How do you go rogue in a rogue administration?

At first glance, Mike Flynn seems to have found a way, which is why he has been forced to resign as national security adviser, becoming the first in what will probably be a series of high-level departures in an administration crumbling before our eyes.

In Flynn’s case, his personal demise can be traced back to Dec. 29, the day that President Obama ejected 35 Russian diplomats as part of punitive sanctions against Russia. That day, Flynn conducted five separate phone conversations with the Russian ambassador in which he secretly reassured the Russians that better days were coming, that these sanctions would be revisited once Donald Trump took office some three weeks later.

Even under normal circumstances, the act of secretly communicating with a foreign adversary to undermine a sitting president represents an immense breach of protocol and perhaps even American law. And, of course, these particular circumstances were far from normal. The sanctions in question had been imposed to punish Russia for its extensive hacking of U.S. targets, including its well-documented effort to interfere in U.S. elections on Trump’s behalf.

Think about what that means:

You’ve got Russia hacking U.S. targets and secretly interfering on behalf of candidate Trump. The United States then attempts to punish Russia for that interference through sanctions, but the Trump team intervenes, secretly undermining the impact of those sanctions. As startling as all that sounds, none of it is in serious dispute. It happened.

Here’s what we still don’t know:

In making those phone calls and offering those assurances to Russia, was Flynn operating independently, without instructions from Trump himself? In a press briefing Tuesday, White House spokesman Sean Spicer offered a two-point answer to that question:

1.) Flynn allegedly made the decision on his own, with no prior knowledge or instructions by President Trump. That claim neatly severs Trump from responsibility, but it’s frankly hard to believe given Flynn’s military background and the respect for the chain of command that implies. It would be an act of extreme recklessness for any subordinate, especially in an administration that had not yet taken power, to offer that type of assurance to another country’s leaders on his own, without instruction. That alone would be grounds for dismissal.

2.) And yet it wasn’t grounds for dismissal. According to Spicer, Flynn’s discussion of sanctions with the Russian ambassador was perfectly appropriate and well within the bounds of his job. Flynn was supposedly asked to resign not because of those conversations, but because he had misled Vice President Mike Pence about their nature. At that point, Spicer said, it became a trust issue.

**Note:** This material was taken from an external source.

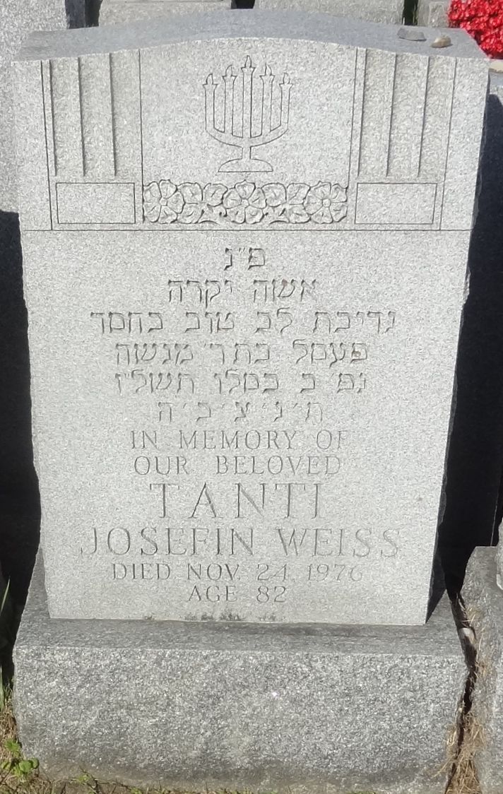 | Source | GenealogieQuebec.com Deaths for Josephine WEISZ for birth 1894-11-23, death, parents, spouse WEISZ, status widow |

That raises a telling question. If Flynn indeed did nothing wrong, if his conversations with the Russian government were perfectly appropriate, why did he feel it necessary to lie so adamantly about them? Why did he lie not just to the American people and the media, but to Spicer and other officials and even to the vice president? Why did Flynn and everyone else in the administration continue to conceal the truth for weeks after federal law enforcement had notified them about transcripts of the conversations?

Because what they did was seriously wrong, and they knew it.